**EXERCISE DESCRIPTION:**
Each line of the records must appear in your answer exactly, with no pictures.
INFORMATION Block Start
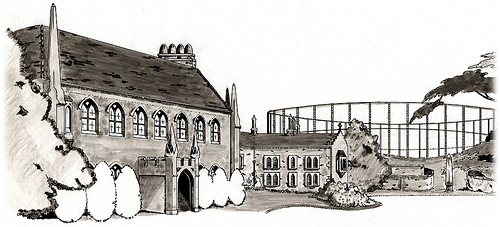 Drawing of Chicksands Priory
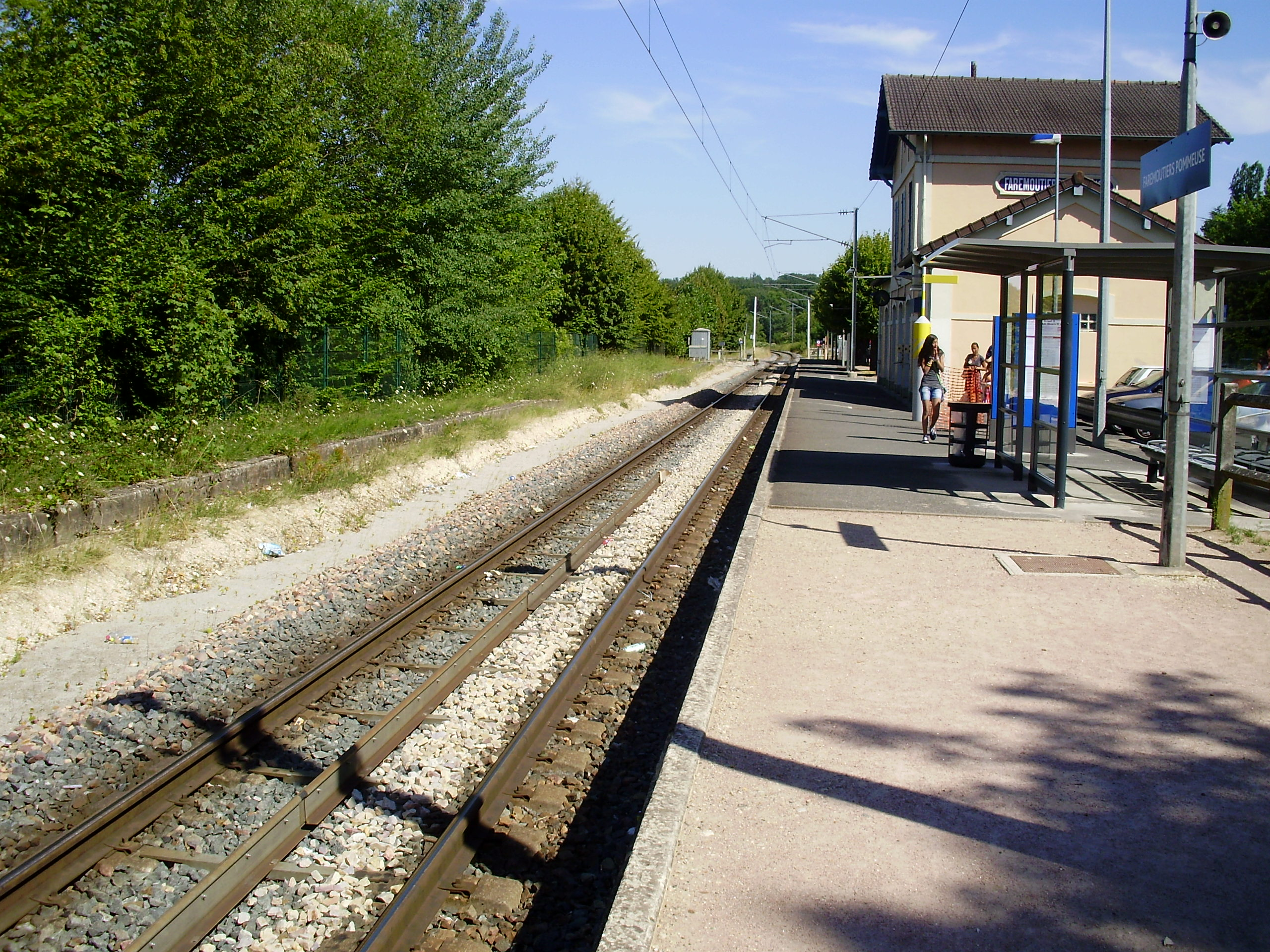 Faremoutiers - Pommeuse station, in Pommeuse, Seine-et-Marne, France (single platform with view toxards Coulommiers)
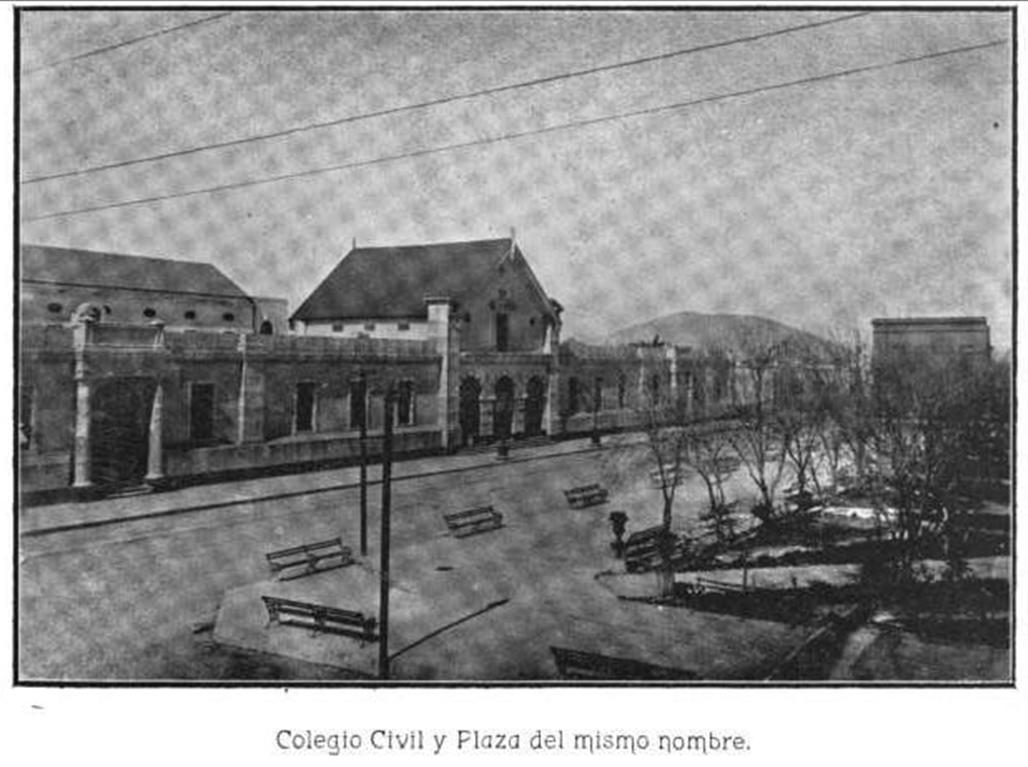 "Colegio Civil" The Civil College in Monterrey Mexico was the first civil university in the city. It was built in 1870. Sins then the building has had several modifications. Today (2008) is the Cultural Center of the UANL.
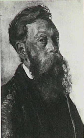 C.A. Lion Cachet (1864-1945). Self portrait (private collection)
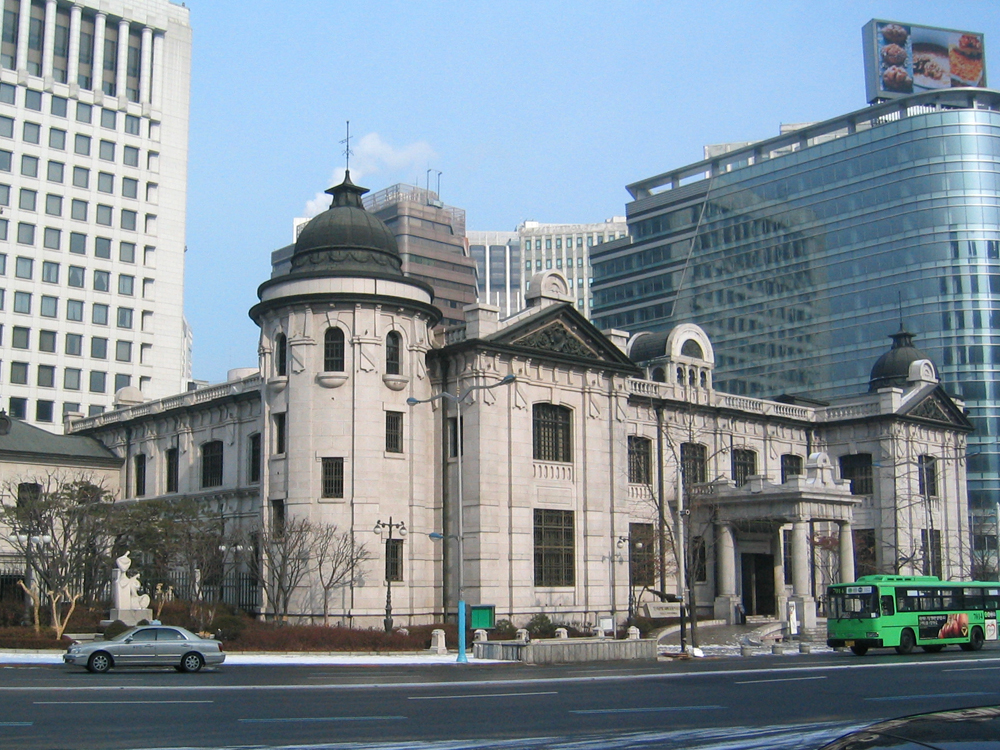 The Bank of Korea Museum. Building completed 1912, architect: Tatsuno Kingo.
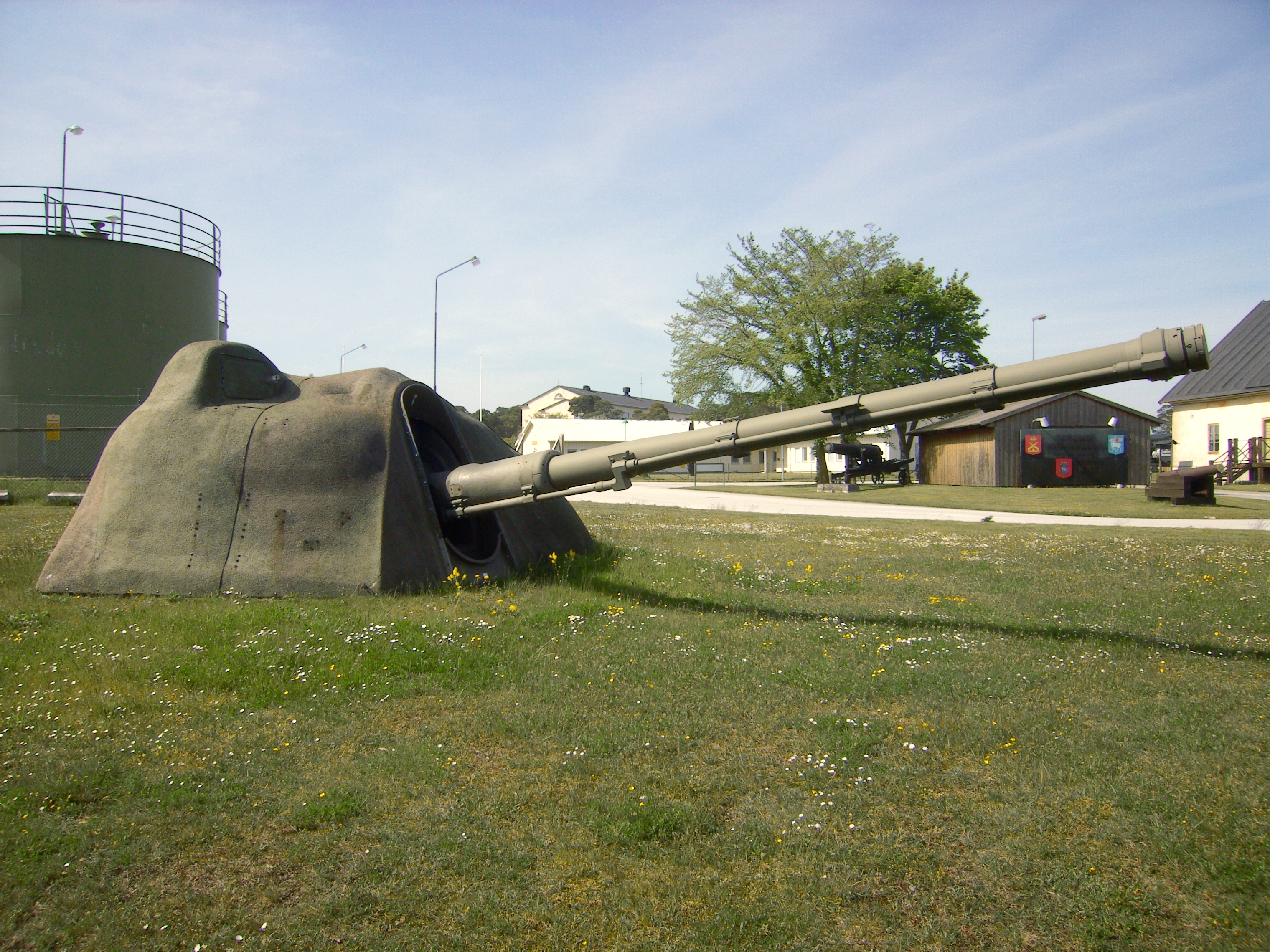 A Swedish naval artillery called 12 cm tornautomatpjäs m/70 (ERSTA) at a museum in Fårösund, Gotland, Sweden.
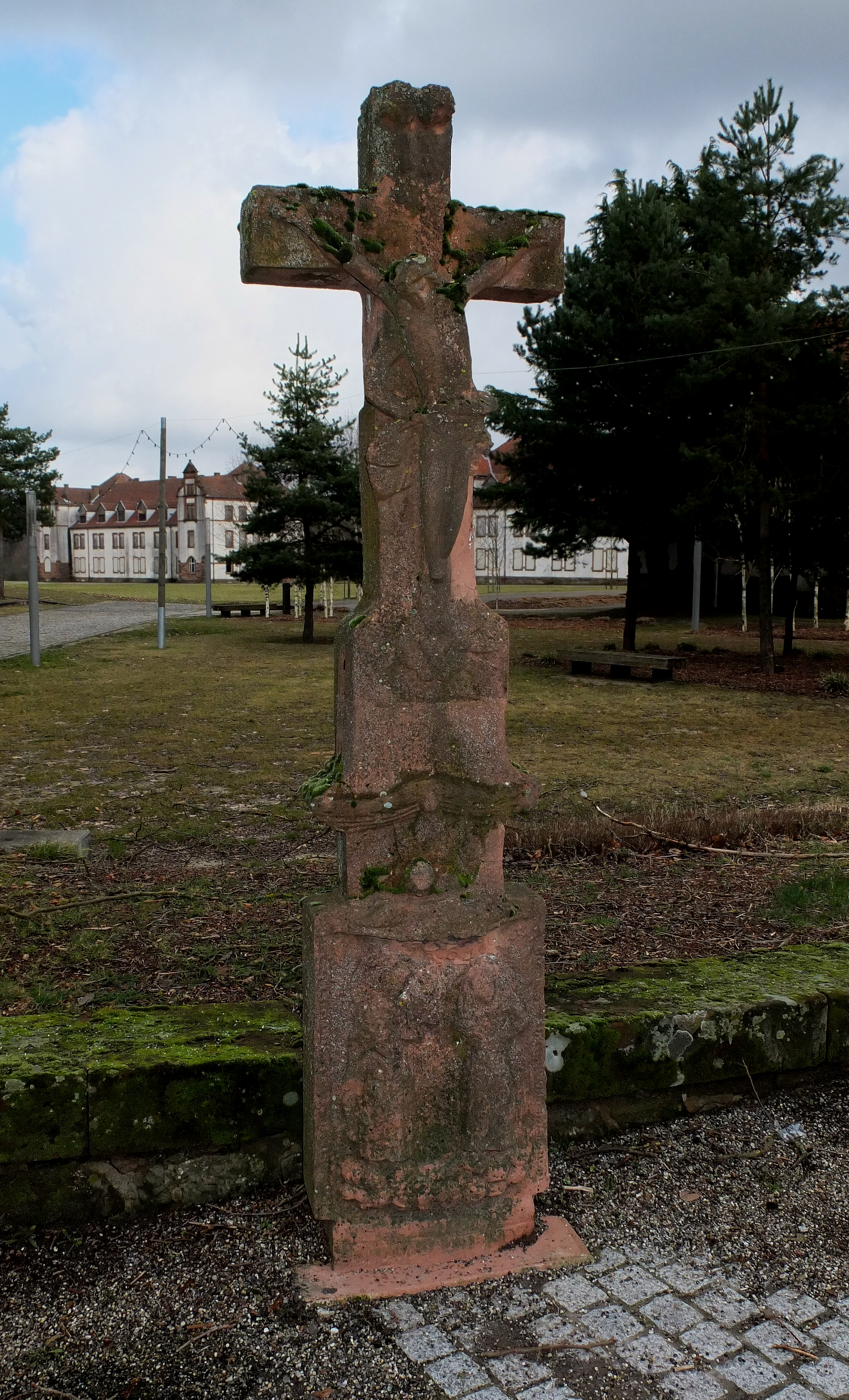 Wayside cross (late 18th century) in Bitche, France, Rue Général Stuhl
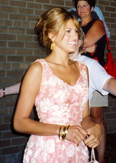 Eva Mendes at the premiere of Trust the Man, Toronto Film Festival 2005
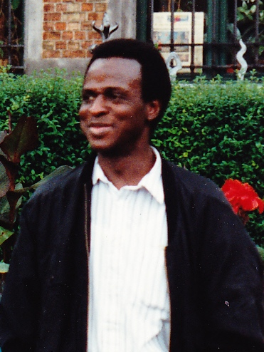 Emmanuel_Dungia_Brussels_1993 07 20
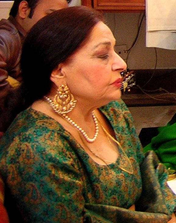 Pakistani Ghazal singer Farida Khanum in her hotel room, rehearsing for a show in New Delhi
INFORMATION Block End
**RESULT:**
 Drawing of Chicksands Priory
 Faremoutiers - Pommeuse station, in Pommeuse, Seine-et-Marne, France (single platform with view toxards Coulommiers)
 "Colegio Civil" The Civil College in Monterrey Mexico was the first civil university in the city. It was built in 1870. Sins then the building has had several modifications. Today (2008) is the Cultural Center of the UANL.
 C.A. Lion Cachet (1864-1945). Self portrait (private collection)
 The Bank of Korea Museum. Building completed 1912, architect: Tatsuno Kingo.
 A Swedish naval artillery called 12 cm tornautomatpjäs m/70 (ERSTA) at a museum in Fårösund, Gotland, Sweden.
 Wayside cross (late 18th century) in Bitche, France, Rue Général Stuhl
 Eva Mendes at the premiere of Trust the Man, Toronto Film Festival 2005
 Emmanuel_Dungia_Brussels_1993 07 20
 Pakistani Ghazal singer Farida Khanum in her hotel room, rehearsing for a show in New Delhi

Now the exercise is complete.